The nan_is_value flag for drop_duplicates is not fixing any problem but allowing to configure 2 valid behaviors that depend on the use case.

drop_duplicates should remove columns where all rows have the same value. There is an ambiguity on how to treat NaNs, i.e the following column:

foo
foo
foo
None

For some use cases, could be considered all duplicates because None it's not considered a relevant value. For others, None is considered a relevant value and thus this column should not be dropped.

always store None values as None (and replace them with _fill_value at the time they are rendered to UI)

I prefer this option. Was trying to not introduce many changes here but it's probably the way to go.

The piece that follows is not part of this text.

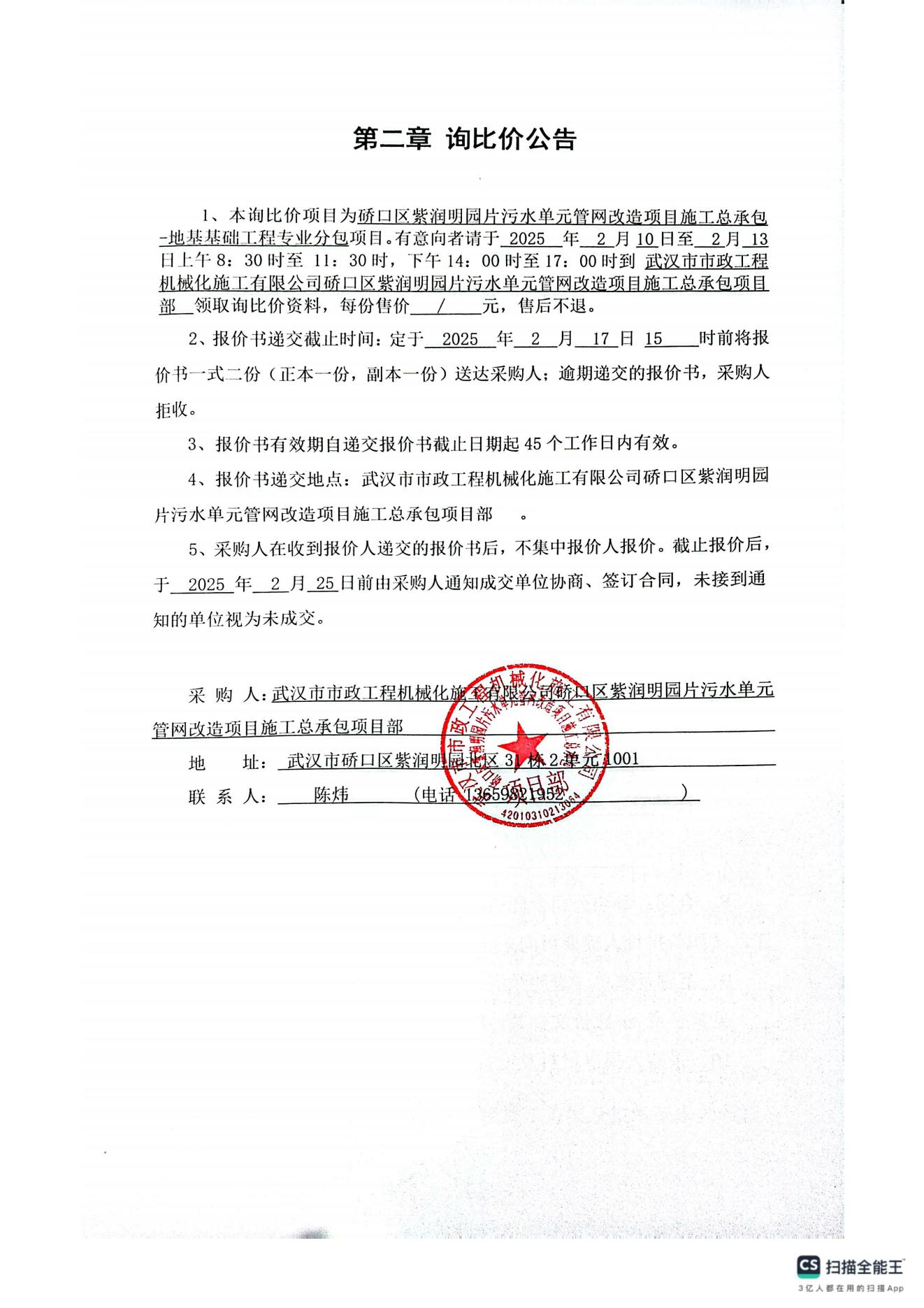 硚口區(qū)紫潤明園片污水單元管網(wǎng)改造項目施工總承包-地基基礎工程專業(yè)分包詢價公告

@daavoo daavoo marked this pull request as draft December 17, 2021 10:47
@pmrowla
Copy link
Contributor

pmrowla commented Dec 17, 2021

For some use cases, could be considered all duplicates because None it's not considered a relevant value. For others, None is considered a relevant value and thus this column should not be dropped.

Ah ok, that makes sense then.

always store None values as None (and replace them with _fill_value at the time they are rendered to UI)

I prefer this option. Was trying to not introduce many changes here but it's probably the way to go.

After reading your explanation, I think this PR is probably fine for now, maybe just open a separate issue regarding making TabularData store None types instead of the fill strings.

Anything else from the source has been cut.